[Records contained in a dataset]

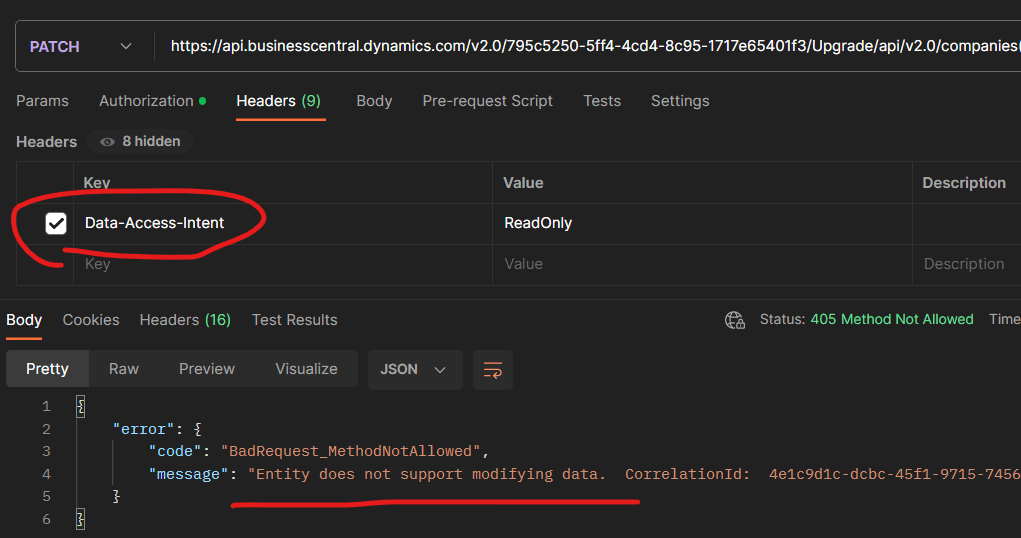 Es posible también configurar el valor de Data-Access-Intent en la llamada OData, como vemos a continuación en la imagen de un ejemplo en el cual se desea realizar una modificación de los datos de un empleado vía API, el mensaje es claro e indica que No permite la modificación de datos.
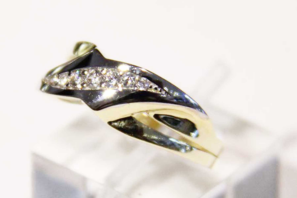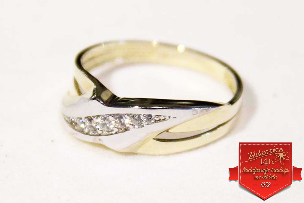 Ženski prstan iz rumenega zlata, med katerim je pas belega zlata, v katerem so prečno vkovani cirkoni.
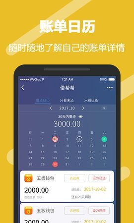 2、借还日历,用户可以在日历上一目了然的看到自己记录的债务账单信息,同时可以在日历上添加账单的还款信息。
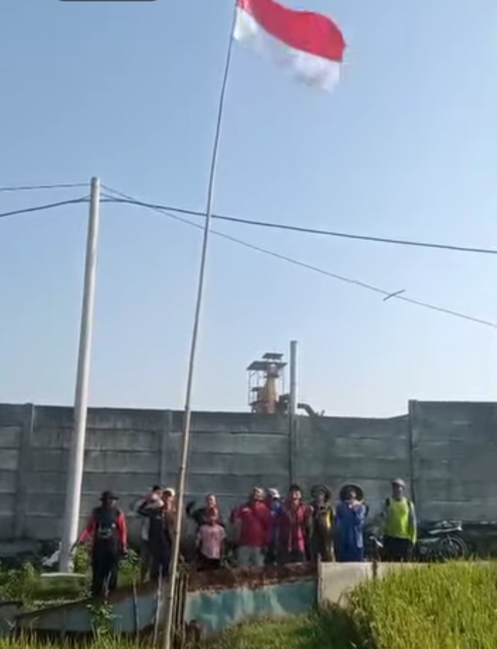 Tampak antusias para petani ini mengibarkan bendera merah putih ditengah sawah dengan penghormatan dan melantunkan lagu Indonesia Raya.
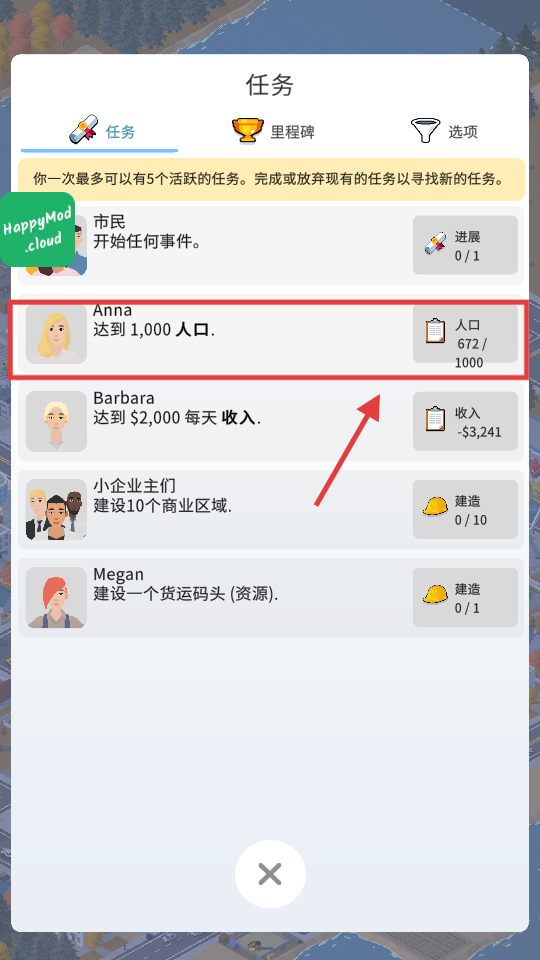 3、完成Anna的【达到1,000人口】任务,需规划住宅、公共设施,改善生活,吸引人口增长至目标。
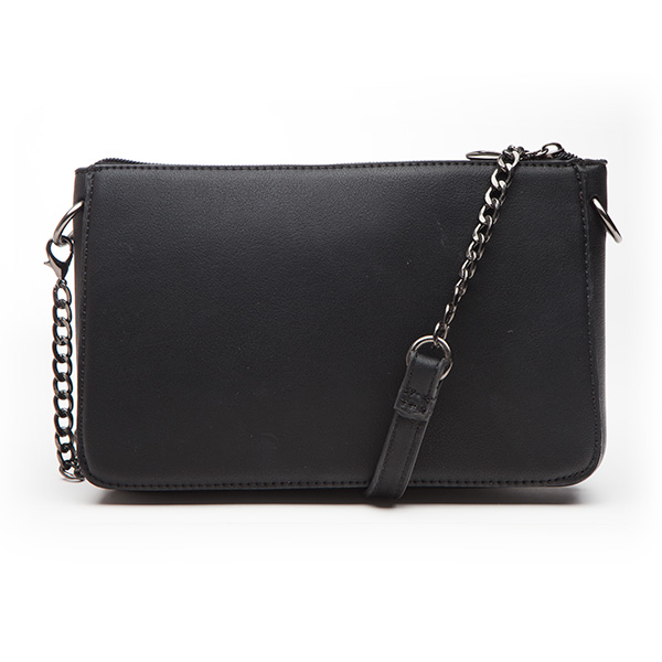 The bag features a removable crossbody strap with chain-link details, which attaches to the purse using oversized lobster clasps. There is a top zip closure, and the interior also has a zipper pocket for smaller accessories. Whether your never-leave-home-without-it essentials include phones, wallets, or lightsabers, this bag will come in handier than a droid co-pilot during a Death Star raid!
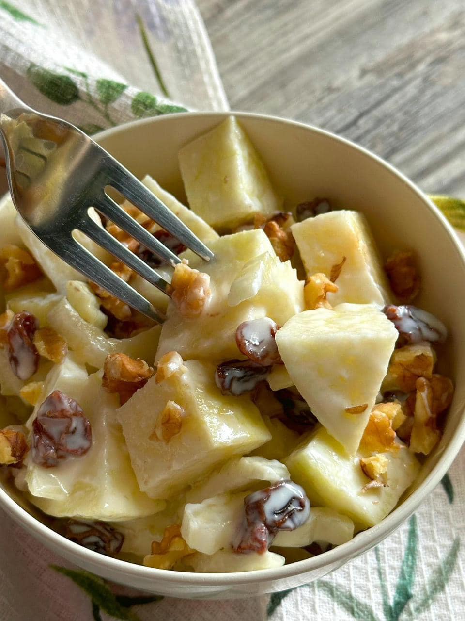 Ervaar de tijdloze aantrekkingskracht van een klassieke Waldorfsalade, een verfrissende combinatie van knapperige appels, knapperige walnoten en zoete rozijnen, allemaal omhuld door een romige dressing. Deze salade is perfect voor elke gelegenheid, van picknicks tot feestdagen, en biedt een heerlijke mix van texturen en smaken.

> WHAT THE TASK ASKS:
In the copy, include no pictures; otherwise transcribe the entries exactly.

> WRITTEN SOLUTION:
 Es posible también configurar el valor de Data-Access-Intent en la llamada OData, como vemos a continuación en la imagen de un ejemplo en el cual se desea realizar una modificación de los datos de un empleado vía API, el mensaje es claro e indica que No permite la modificación de datos.
 Ženski prstan iz rumenega zlata, med katerim je pas belega zlata, v katerem so prečno vkovani cirkoni.
 2、借还日历,用户可以在日历上一目了然的看到自己记录的债务账单信息,同时可以在日历上添加账单的还款信息。
 Tampak antusias para petani ini mengibarkan bendera merah putih ditengah sawah dengan penghormatan dan melantunkan lagu Indonesia Raya.
 3、完成Anna的【达到1,000人口】任务,需规划住宅、公共设施,改善生活,吸引人口增长至目标。
 The bag features a removable crossbody strap with chain-link details, which attaches to the purse using oversized lobster clasps. There is a top zip closure, and the interior also has a zipper pocket for smaller accessories. Whether your never-leave-home-without-it essentials include phones, wallets, or lightsabers, this bag will come in handier than a droid co-pilot during a Death Star raid!
 Ervaar de tijdloze aantrekkingskracht van een klassieke Waldorfsalade, een verfrissende combinatie van knapperige appels, knapperige walnoten en zoete rozijnen, allemaal omhuld door een romige dressing. Deze salade is perfect voor elke gelegenheid, van picknicks tot feestdagen, en biedt een heerlijke mix van texturen en smaken.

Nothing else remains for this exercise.